The Jiaolai Basin (Fig. 1) is an under-explored rift basin that has produced minor oil from Lower Cretaceous lacustrine deltaic sandstones. The reservoir quality is highly heterogeneous and is an important exploratory unknown in the basin. This study investigates how reservoir porosity and permeability vary with diagenetic minerals and burial history, particularly the effects of fracturing on the diagenesis and reservoir deliverability. The Laiyang sandstones are tight reservoirs with low porosity and permeability (Φ < 10% and K < 1 mD). Spatial variations in detrital supply and burial history significantly affected the diagenetic alterations during burial. In the western Laiyang Sag, the rocks are primarily feldspathic litharenites that underwent progressive burial, and thus, the primary porosity was partially to completely eliminated as a result of significant mechanical compaction of ductile grains. In contrast, in the eastern Laiyang Sag, the rocks are lithic arkoses that were uplifted to the surface and extensively eroded, which resulted in less porosity reduction by compaction. The tectonic uplift could promote leaching by meteoric water and the dissolution of remaining feldspars and calcite cement. Relatively high-quality reservoirs are preferentially developed in distributary channel and mouth-bar sandstones with chlorite rims on detrital quartz grains, which are also the locations of aqueous fluid flow that produced secondary porosity.

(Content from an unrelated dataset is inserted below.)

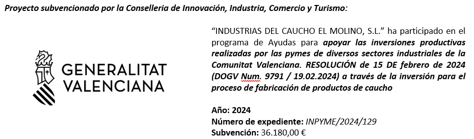 “INDUSTRIAS DEL CAUCHO EL MOLINO, S.L.” ha participado en el programa de Ayudas en materia de industrialización para inversiones de PYMES INDUSTRIALES de la Comunitat Valenciana que mejoren la competitividad y sostenibilidad de determinados sectores, dentro de la sexta fase de implantación del Plan Estratégico de la Industria Valenciana, para el ejercicio 2023 (INPYME). Industria. RESOLUCIÓN de 27 de diciembre de 2022 (DOGV Num. 9501 / 30.12.2022)

The fold-related fractures are primarily developed in the silt–sandstones of Longwangzhuang and Shuinan members in the eastern Laiyang Sag. Quartz is the most prevalent fracture filling mineral in the Laiyang sandstones, and most of the small-aperture fractures are completely sealed, whereas the large-aperture fractures in a given set may be only partially sealed. The greatest fracture density is in the silt–sandstones containing more brittle minerals such as calcite and quartz cement. The wide apertures are crucial to preservation of the fracture porosity, and the great variation in the distribution of fracture-filling cements presents an opportunity for targeting fractures that contribute to fluid flow.